Will the real Steve Jobs please stand up?

Steve Jobs was always adept at making headlines—often more about his autocratic leadership style than any of the visionary products that were released during his tenure at Apple.

He’s in the news again, and this time the controversy surrounds Danny Boyle’s new film, Steve Jobs. It’s the third feature-length film about Jobs in as many years, and they all have a different take on the man. Even in death, Jobs remains a polarizing figure, with defenders who are as rabid as his detractors.

Tim Cook, who has taken the helm at Apple, has been outspoken in his rage about the film, which opens October 9.

“The Steve I knew was an amazing human being,” Tim Cook told Stephen Colbert on The Late Show. “I think that a lot of people are trying to be opportunistic, and I hate this.”

Screenwriter Aaron Sorkin argued that the Apple CEO shouldn’t pass judgment so quickly.

“Tim Cook should really see the movie before he decides what it is,” Sorkin replied, later issuing an apology.

In 2013, Ashton Kutcher portrayed him in Jobs, a film that underwhelmed audiences and critics alike. Apple co-founder Steve Wozniak weighed in on the movie, saying, “I suspect a lot of what was wrong with the film came from Ashton’s own image of Jobs.”

In interviews, Kutcher revealed how he got into character as Steve Jobs.

“I started consuming the things that he consumed, I started studying entrepreneurs he admired, listening to the music he listened to, eating the food he ate and walking the way he walked,” Kutcher said.

But according to Wozniak, there were key elements missing in Kutcher’s performance, especially the drive for success that powered both him and the company.

“He didn’t bring out the thinking that makes us love Steve [and] the ideas that drove Apple forward,” he said.

The film also gave Jobs a lot of the credit for ideas that experts agree came from Wozniak. It was Wozniak, not Jobs, who first envisioned how computers could change the cultural landscape.

“The lofty talk,” said Wozniak, “came much further down the line.”

Alex Gibney’s documentary Steve Jobs: The Man in the Machine turns a decidedly critical eye towards its subject.

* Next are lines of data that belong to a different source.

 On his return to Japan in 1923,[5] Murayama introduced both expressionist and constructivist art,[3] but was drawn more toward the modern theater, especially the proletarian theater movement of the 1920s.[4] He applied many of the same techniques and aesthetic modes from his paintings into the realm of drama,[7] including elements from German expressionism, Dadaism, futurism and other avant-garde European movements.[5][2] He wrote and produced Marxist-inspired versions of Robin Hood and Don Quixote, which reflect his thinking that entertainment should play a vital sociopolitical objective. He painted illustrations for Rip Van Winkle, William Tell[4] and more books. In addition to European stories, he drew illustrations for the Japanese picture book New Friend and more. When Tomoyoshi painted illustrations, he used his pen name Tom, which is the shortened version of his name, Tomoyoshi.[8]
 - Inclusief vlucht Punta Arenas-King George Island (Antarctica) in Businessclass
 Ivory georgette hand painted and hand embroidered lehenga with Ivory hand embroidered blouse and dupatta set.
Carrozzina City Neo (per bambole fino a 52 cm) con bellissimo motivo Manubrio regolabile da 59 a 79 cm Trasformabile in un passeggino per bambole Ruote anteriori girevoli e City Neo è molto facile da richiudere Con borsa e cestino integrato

Gibney focuses on the schism between the man seen by many as a visionary with the one who was prone to tantrums and vindictiveness.

Gibney witheringly points out the irony of the “Think Different” campaign coming from a company that reportedly turned a blind eye toward appalling worker conditions in Chinese factories.

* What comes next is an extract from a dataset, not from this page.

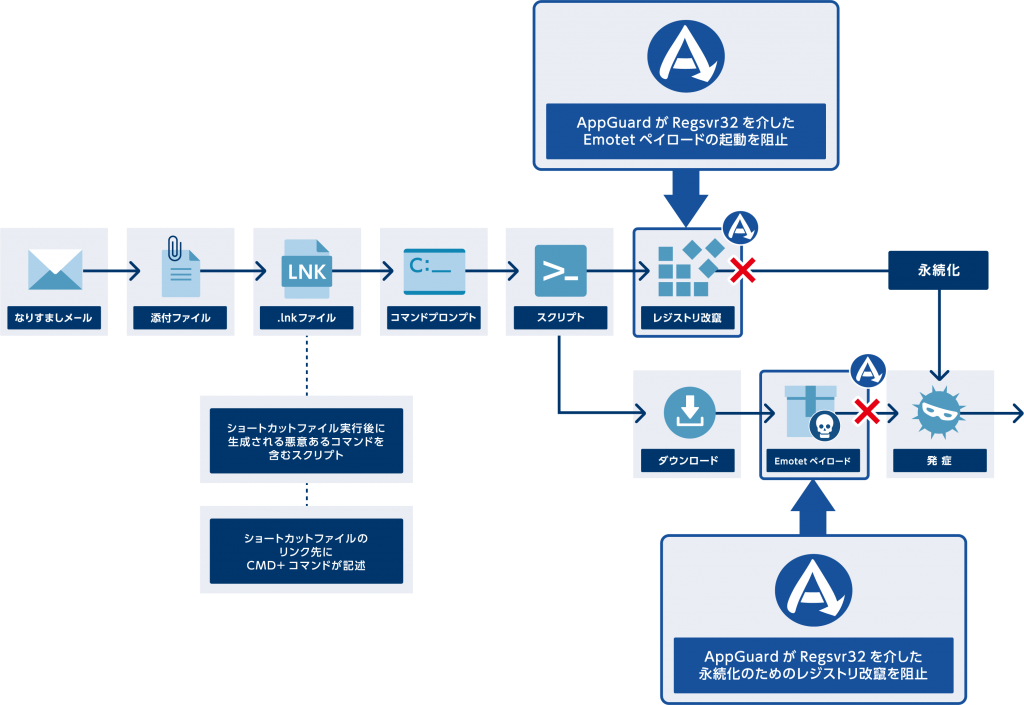 この攻撃手法は「Emotet」が新たに採用した手口です。MS Officeファイル等のアイコンに偽装したショートカットファイル(.lnk)に設定された実行パスにはコマンドプロンプトを呼び出して特定のコマンドを実行するための構文が埋め込まれています。誤ってこのショートカットファイルを起動すると永続化を目的としたレジストリファイルの改ざんと「Emotet」のペイロードがダウンロードされます。AppGuardはコマンドプロンプトをハイリスクアプリケーション(攻撃者が悪用する可能性があるアプリケーション)として扱うため、レジストリの変更処理を認めず永続化を阻止します。また、ダウンロードされた「Emotet」のペイロードは起動が制御されるため発症させることなく攻撃を阻止します。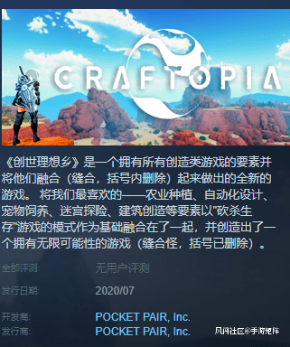 以上文字是Steam遊戲《創世理想鄉(Craftopia)》的原文簡介,中文又名《拯救了海拉魯大陸後來到了星露谷開起了異星工廠同時身負傳火使命又兼職怪物獵人還夢想成為寶可夢訓練大師的我考慮怎樣才能拿到飛行執照同時把火箭送上天》,一款放出消息後被稱為“終極縫合怪”的遊戲。

If there’s a flaw in Gibney’s approach, it’s that he goes after his subject’s defects with zeal and conviction, but outlines his enormous accomplishments and influence in a more dutiful than enthusiastic tone.

Now here comes Steve Jobs, a glossy prestige project with star power fueling its release. Sorkin’s sharp, hyper-articulate dialogue and Boyle’s kinetic energy aim to make for a fully rounded, accurate portrayal of Jobs.

This is no standard-issue biopic. Instead of telling the story of his life from his humble beginnings to his untimely death from pancreatic cancer, Sorkin dramatizes three episodes from Jobs’ life: the much-lauded release of the Macintosh in 1984, the crashing failure of the NeXT console in 1988, and his startling return with the first iMac in 1998.

Taking Sorkin’s lead, Boyle shoots the film in three different film stocks to emphasize the changing time periods. As the film moves to digital in the last act, Jobs’ delivery also gets crisper and clearer. Michael Fassbinder, as Jobs, takes him from enthusiastic beginner to the practiced master.

But did Sorkin and Boyle finally reveal the “real” man behind the myth? The new movie has already garnered criticism from both sides. One thing is clear: the question “Who was Steve Jobs?” makes for some vigorous debate.